In such a case, the text says, "no punishment shall be taken." But this is where we must read carefully. It does not mean the master gets off scot-free. It means that the specific punishment for murder is not to be applied. Why? The rationale is given: "for he is his property."

And here is the stumbling block. But the Hebrew, `kaspo hu`, literally means "he is his silver" or "he is his money." This is not a metaphysical statement about the servant's ontology. It is a statement about economic reality. In the case of this unintentional death, the punishment is financial. The master has already suffered a massive economic blow. He has lost his servant, who represented a significant capital investment and whose labor was valuable. That financial loss is the punishment. He has destroyed his own property through his excessive anger or carelessness, and the law says that this severe financial penalty is sufficient for the crime of manslaughter.

Think of it this way. If the master intended to kill the servant, the "property" argument is irrelevant. The master is punished as a murderer (v. 20). The servant's personhood trumps the master's property rights. But if the master did not intend to kill the servant, the economic reality of the situation comes into play. The punishment fits the crime. For the capital crime of murder, a penal punishment is required. For the lesser crime of manslaughter, a severe financial punishment is enacted by the consequence of the action itself. This law does not devalue the servant; it provides a wise and just distinction between degrees of culpability, a principle every just legal system in the West has inherited.


The Gospel of True Ownership

This law, which seems so offensive, actually contains the seeds of the gospel. It deals with masters, servants, punishment, and ownership. And this is the language of our redemption.

We were all slaves. We were in bondage to sin, and the master we served was a cruel one. "Whoever commits sin is a slave of sin" (John 8:34). And the outcome of this service was death. We were all under a sentence of death, for the wages of sin is death (Romans 6:23). We were God's property by right of creation, but we were rebellious property. We were servants who had disobeyed unto death.

Under the justice of the law, our Master would have been entirely right to strike us down. We died "at His hand" in our sin and rebellion in Adam. And the punishment was just. But God, in His infinite mercy, chose a different path. He did not execute the punishment on us, His rebellious property. Instead, He sent His own Son.

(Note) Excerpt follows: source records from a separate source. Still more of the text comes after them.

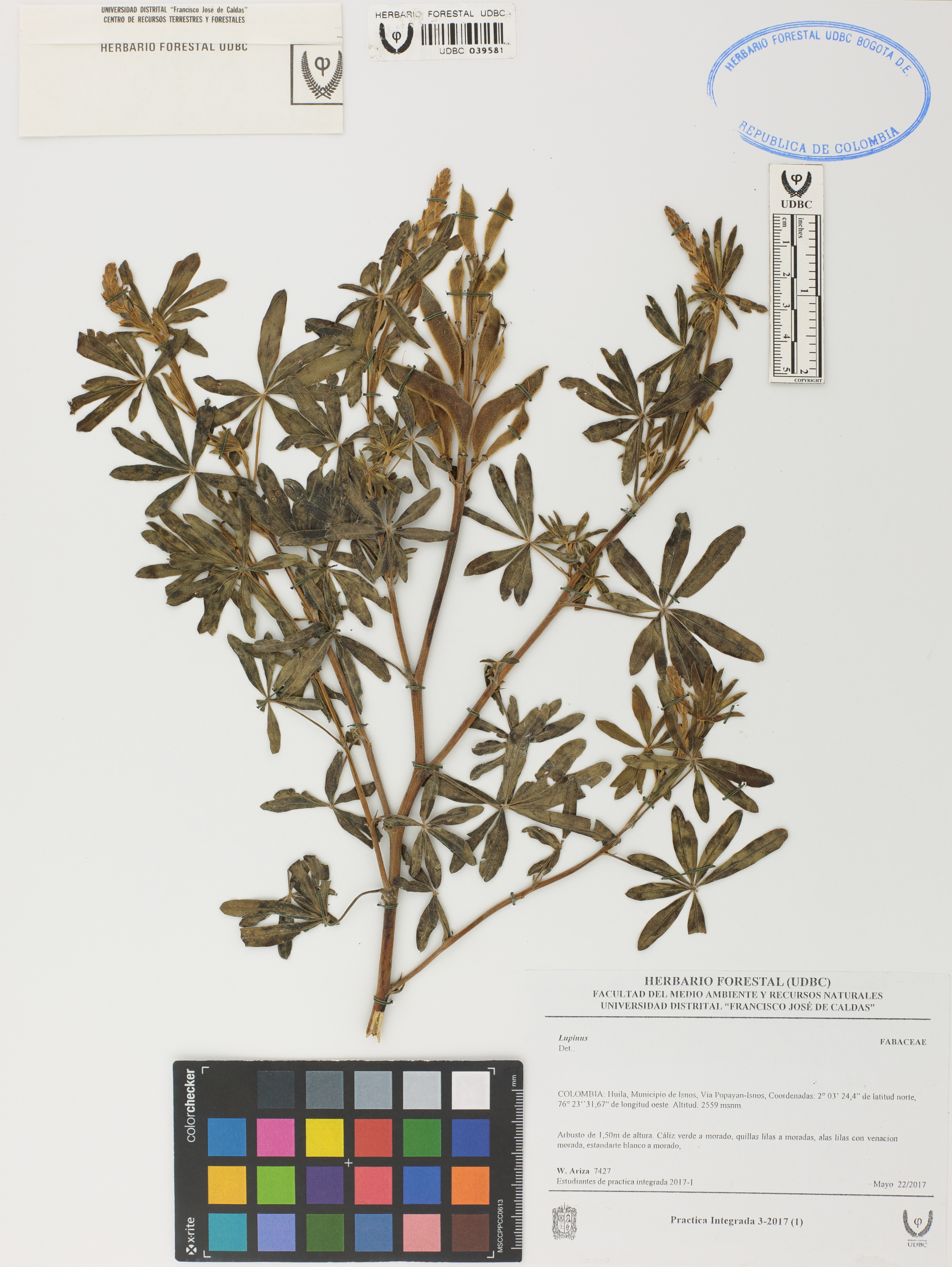 Fotografía del ejemplar Ariza, W. 7427, determinado como Lupinus sp.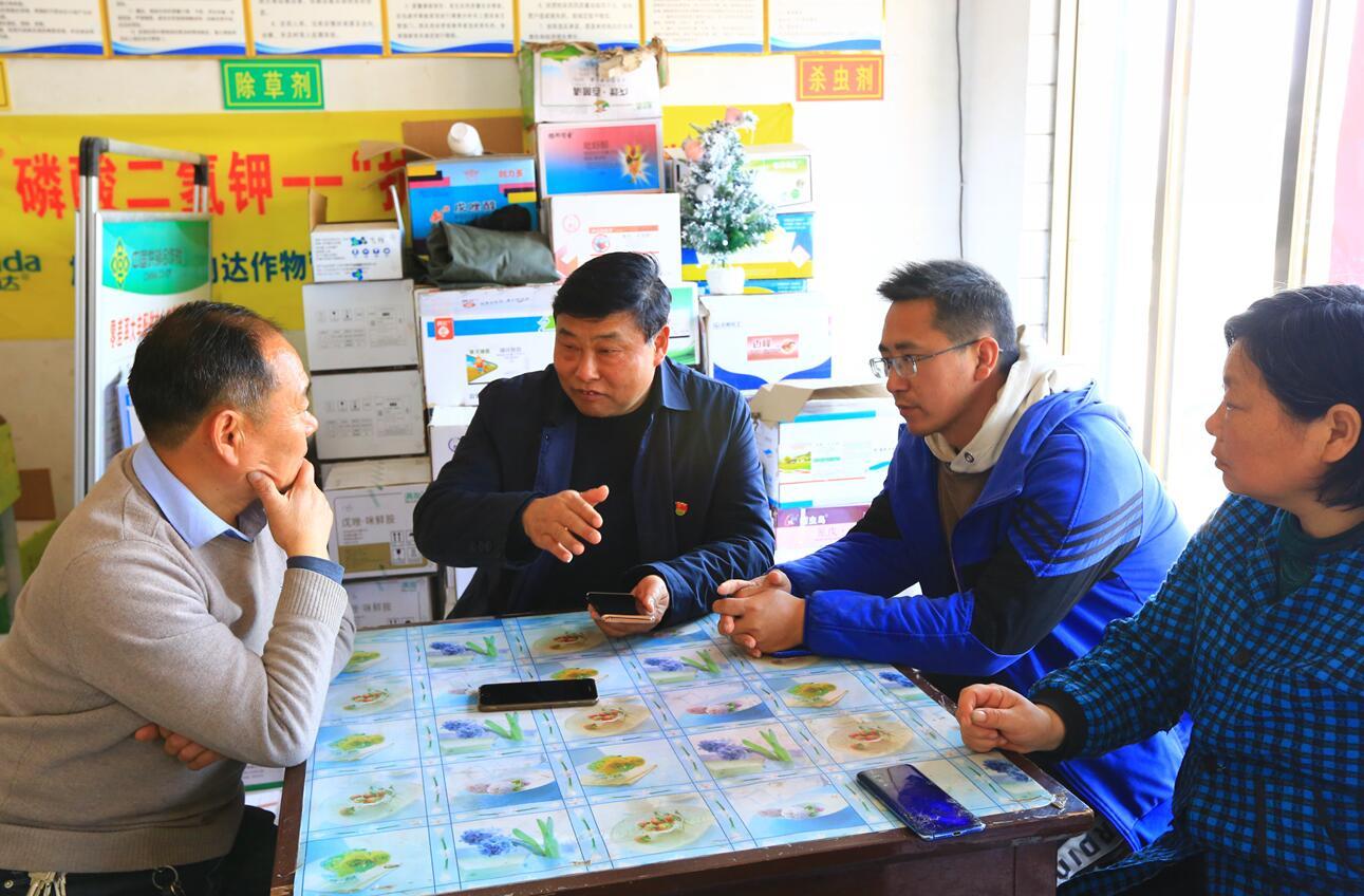 殷長榮(左二)走訪農(nóng)戶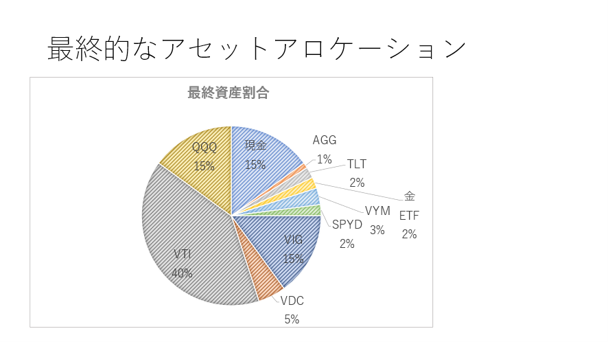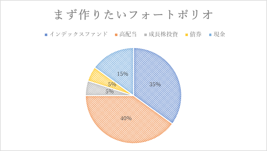 人生で初めて作ったポートフォリオ。インデックスファンドと高配当ファンドを組み合わせたポートフォリオ。現金と債券で年齢分という点を意識したと思う。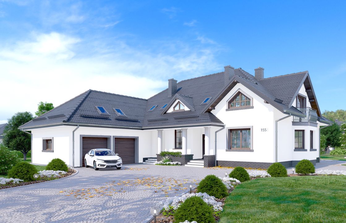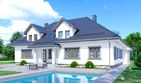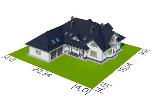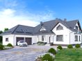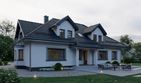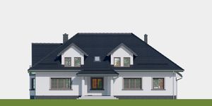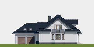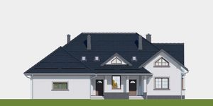 Graficzne opracowanie rzutów poglądowych widocznych na karcie projektu zostało wykonane przez Extradom.pl. Prezentowane przez Extradom.pl wizualizacje wykonane zostały przez autora projektu i należy poczytywać je jedynie za przykład i propozycję wykończenia, wizję architektoniczną autora projektu. Ostateczne wykończenie budynku może nastąpić na wiele sposobów. Szczegółowe rozwiązania zastosowane w oferowanej dokumentacji - w tym również ilość, lokalizacje i wygląd okien, drzwi, kominów - mogą w niewielkim stopniu różnić się od prezentowanej wizualizacji budynku.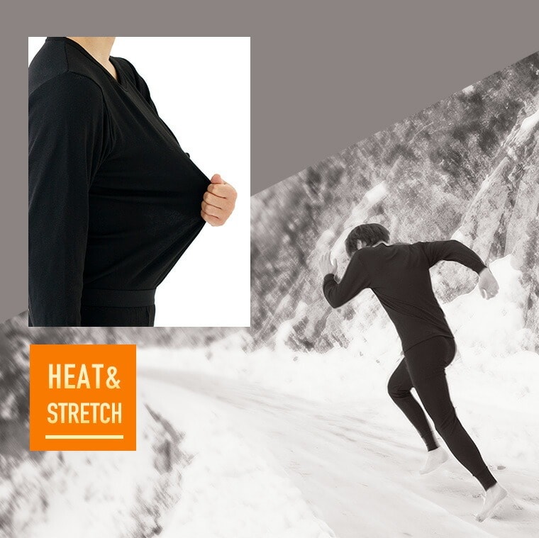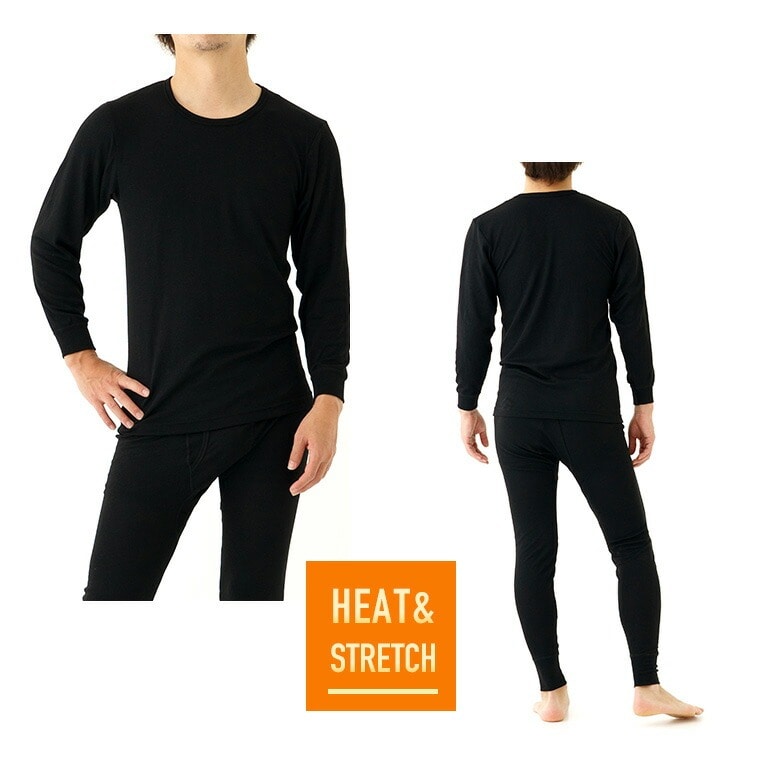 メンズ インナー シャツ 長袖 HEAT&STRETCH 発熱 丸首 秋冬 吸湿 防寒 暖かい あったか あたたかい 薄い ストレッチ アンダーシャツ アンダーウェア 男性 紳士 下着 肌着 ヒートテック P0460E-R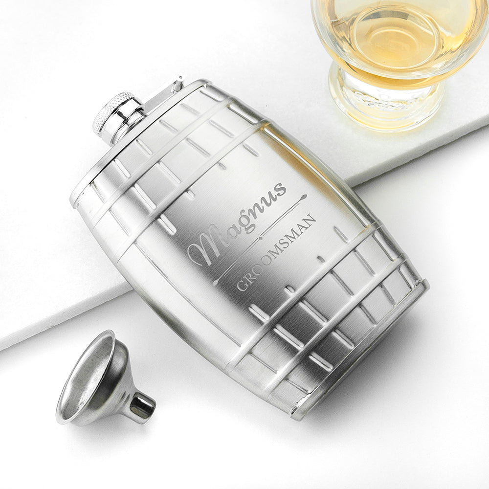 In the shape of a cask, our personalised hip flask is fun and eye-catching! A contemporary hip flask which can be personalised with a name to make a special gift for that stylish gentleman.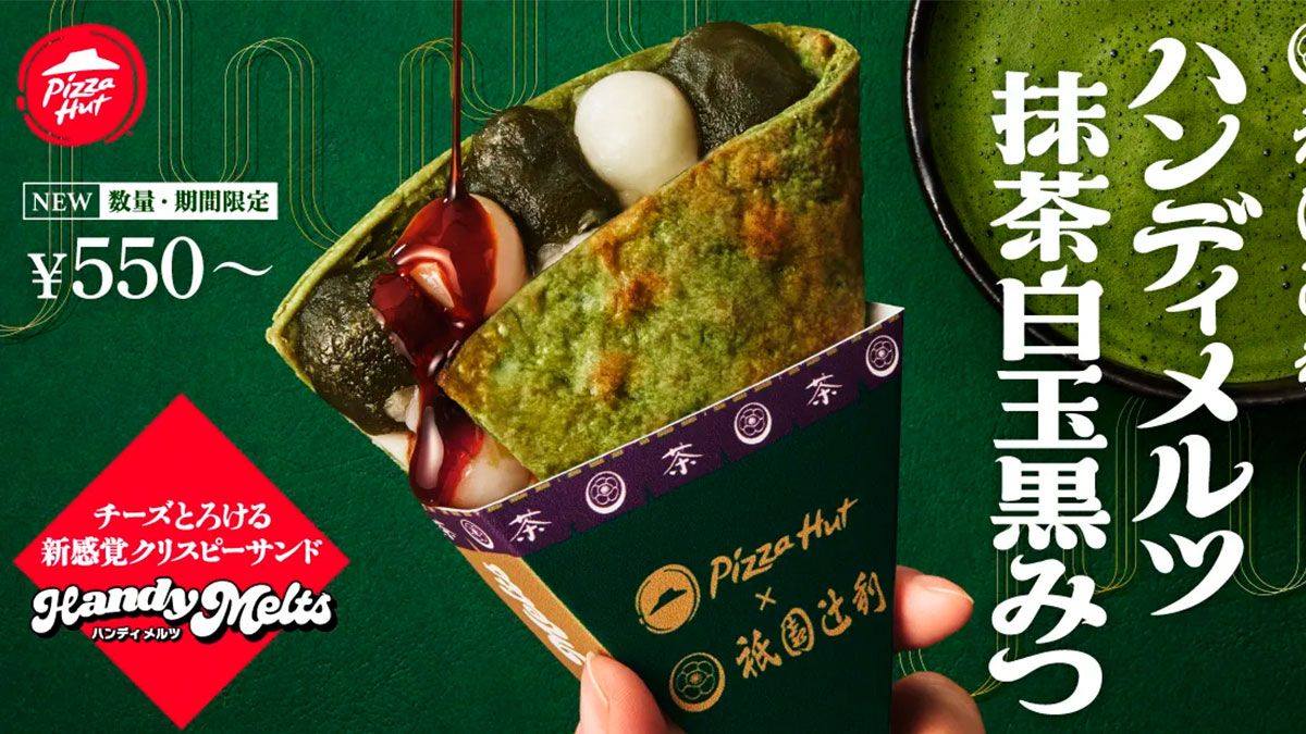 La ‘Handy Melts Matcha Shiratama Kuromitsu’ está elaborada con una masa de pizza bañada en matcha, y cubierta con una pasta de matcha, bolas de arroz shiratama, mozzarella y queso crema. Para darle un toque extra de dulce, se le añade sirope kuromitsu.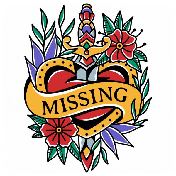 Heart Dagger Rose Tattoo Art Style.

On the cross, Jesus Christ, the Son, took the place of the wicked servant. The rod of God's perfect justice, the wrath we deserved for our sin, fell upon Him. He was struck down. He died "at the hand" of the Father's determined counsel (Acts 2:23). The Father did not spare His own Son, His most precious possession, in order to spare us, His wayward servants.

And in doing this, He purchased us. We are no longer our own; we were bought with a price (1 Corinthians 6:20). We are now His property. Not in the sense of chattel, not as `kaspo hu`, his silver. We have been made sons and daughters. We are slaves to righteousness, which is the only true freedom. The law in Exodus shows us a master's property rights limited by justice. The gospel shows us a Master's justice satisfied by love, as He sacrifices His own Son to redeem His property. He did not lose His investment; He laid it down willingly so that He might gain a family.

Therefore, do not recoil from the hard edges of God's law. See in them the framework of true justice, a justice that makes distinctions, honors personhood, and punishes sin. And then see how that perfect justice is perfectly satisfied and transcended by the glorious mercy of the gospel, where our Master became our Redeemer, and our Judge became our Father.